Prepare equipment 100 to be related to：(i) NAS is configured to export the son of the file system managed by equipment 100 to equipment 100 Tree；(ii) configuration slave unit 100 of client computer 200 installs same subtree.

Resident NAS compressed file system is POSIX compatibilities, and can use existing general utility tool and most fine piece of writing Method carries out framework, preparation, backup or otherwise managed.

Equipment 100 is acted on behalf of as remote procedure call (RPC), and the remote procedure call, which is acted on behalf of, to be used for and client computer The NFS that access to the relevant portion of the NAS is associated comes and goes.Front end interface 120 terminates carrying NFS TCP connections, Huo Zhecong Client computer 200 receives the UDP bags of correlation.RPC is called equipment 100 and NFS orders are parsed so which NFS determined Order can not change substantially by and which be related to FASTQ or BAM file operations and therefore need to change.Then will Change or unmodified NFS orders are forwarded to NAS 300 by back end interface 130.Identical general procedure is applied in phase The NFS responses carried out in the reverse direction.

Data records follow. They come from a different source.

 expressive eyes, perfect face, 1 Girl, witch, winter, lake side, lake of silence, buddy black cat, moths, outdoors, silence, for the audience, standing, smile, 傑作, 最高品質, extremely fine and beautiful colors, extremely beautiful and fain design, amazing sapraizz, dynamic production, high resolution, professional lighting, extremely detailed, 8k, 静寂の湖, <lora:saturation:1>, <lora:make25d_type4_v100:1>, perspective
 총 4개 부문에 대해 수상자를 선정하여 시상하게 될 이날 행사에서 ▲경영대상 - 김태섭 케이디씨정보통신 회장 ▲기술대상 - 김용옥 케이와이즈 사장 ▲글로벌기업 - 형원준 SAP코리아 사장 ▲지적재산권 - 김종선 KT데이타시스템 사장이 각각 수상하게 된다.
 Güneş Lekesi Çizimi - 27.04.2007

The file operation that most of NFS orders are such as especially carried out to non-FASTQ and non-BAM files does not have any modification Ground reaches any NFS fields by equipment 100.The change carried out to these orders includes：(i) at RPC levels, by right XID fields are written over and calling are renumberd, wherein recovering original value in response；(ii) with equipment 100 by being made To NAS 300 calling and come from NAS 300 response for the different TCP connections in their source or the delivery of UDP bags.

Some NFS orders need to carry out order or response additional NFS levels change.For example, compression is included to report The READDIR responses of the catalogue of FASTQ or BAM files enter edlin to show uncompressed file.

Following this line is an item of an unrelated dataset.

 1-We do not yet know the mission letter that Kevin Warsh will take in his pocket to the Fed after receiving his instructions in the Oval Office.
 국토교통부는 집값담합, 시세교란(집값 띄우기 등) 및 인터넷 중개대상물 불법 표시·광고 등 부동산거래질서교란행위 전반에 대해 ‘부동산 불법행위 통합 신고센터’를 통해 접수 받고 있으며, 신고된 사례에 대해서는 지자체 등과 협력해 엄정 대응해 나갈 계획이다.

The operation for reading or writing request triggering compressor reducer 140 and decompression machine 150 of FASTQ or BAM files, the He of compressor reducer 140 Decompression machine 150 accesses NAS 300 to be compressed before providing service to the request to associated documents using back end interface 130 Or decompression, as explained further below.

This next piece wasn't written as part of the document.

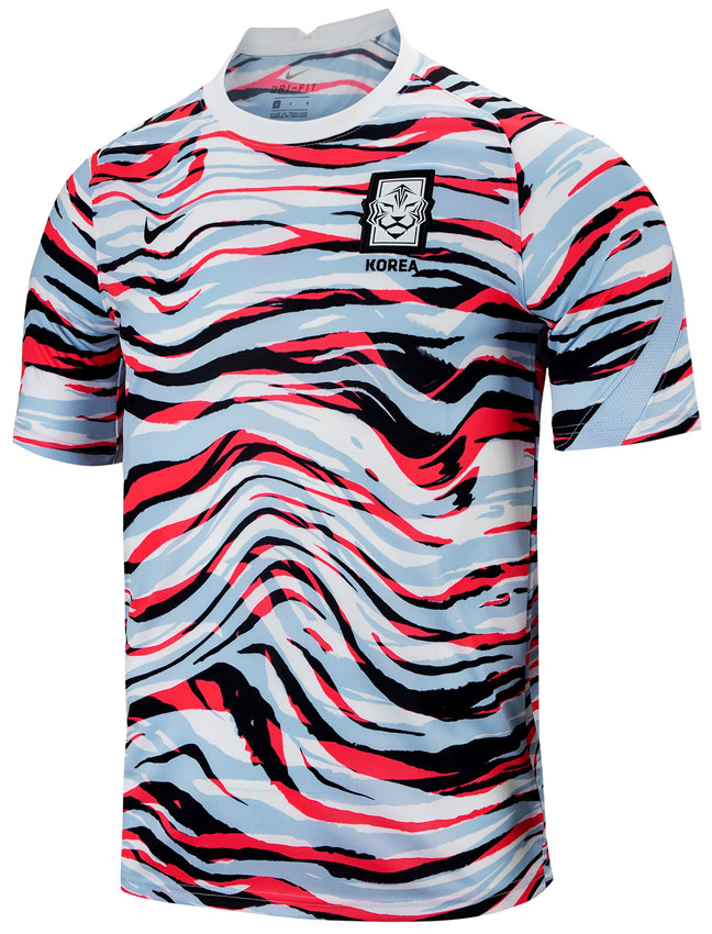 選手が試合前のウォーミングアップ時などに着用するトレーニングウェア。アウェイユニフォームと同じで虎模様をあしらっている。背面にはハングル語で「大韓民国」とレタリングする。

Operation based on storage

In order that equipment 100 is transparent for NGS is using 220, equipment 100 must receive primary NGS from application 220 File command, and storage system 300 is sent commands to, they are adapted so that storage system 300 can store volume Code file rather than primary NGS files, receive and respond from storage system 300, they are adapted, and primary file is rung It should be sent to using 220.The details of specific NGS orders is adapted referring to Fig. 7 to Figure 26 descriptions.Those skilled in the art will recognize Know, for non-NGS file commands, i.e. the order relevant with the file outside primary NGS files, equipment 100 is solely for visitor Conveyer between family end 200 and storage system 300, and adapted.

Front end interface 120 intercepts NFS read commands from FASTQ or BAM files, and these NFS read commands are lined up. Front end interface 120 notifies FASTQ the or BAM files that compressor reducer 140 and decompression machine 150 are being read, and instruction is so far The only data area of requested file.Decompression machine 150 reads the FASTQ compressed or BAM texts using back end interface 130 Part writes result native format FASTQ or the BAM file resided in caching 400 to be decompressed to data, and It is associated one by one with compressed file.With the progress of decompression, periodically end interface 120 transmits and is now decompression machine 150 forward The data area only decompressed.Come as read command proceeds to, front end interface 120 is on the new data asked to decompression Device 150 is updated.Concurrently, when uncompressed file data becomes to can be used to naming service is lined up, front end interface 120 will These orders are forwarded to caching 400 and response are relayed into client computer 200.

Read command and the response relevant with non-FASTQ and non-BAM files are pellucidly transmitted by equipment 100.

The NFS CREATE and WRITE command of FASTQ or BAM files relay to caching 400 by front end interface 120, as With the order of expected one-to-one associated native format FASTQ or the BAM file of compressed file.By from last WRITE command Time-out detect EOF.In time-out, front end interface 120 notifies compressor reducer 140, and the compressor reducer 140 will cache text Part is compressed into the constant compression file in storage system 300.

To and from transparent by equipment 100 in the CREATE and WRITE command of non-FASTQ and non-BAM files and response Transmit on ground.

The output of uncompressed FASTQ and BAM files-be enter into compressor reducer 140 or decompression machine 150-all with Their native format is cached, and for servicing subsequent read command.Equipment 100 runs cache management process, should Cache file size of population is maintained at below configurable limit by cache management process by deleting current least referenced file.

Reference picture 5, Fig. 5 are the process run by the processor 110 of equipment 100 and lines according to the embodiment of the present invention The simplified block diagram of journey.Processor 100 runs two main procedures, agent process 111 and compression/decompression procedure 112.

Agent process 111 runs persistent service device thread 116, and the persistent service device thread 116 is in nfs server and carry Monitored on port.Server thread 116 creates new connection thread 117 to handle each incoming client computer connection.Even Wiring journey 117 is that RPC agent functionalitys are realized in their relevant connection, including respectively by being transferred into and out TCP connections and client End computer 200 and storage system 300 communicate.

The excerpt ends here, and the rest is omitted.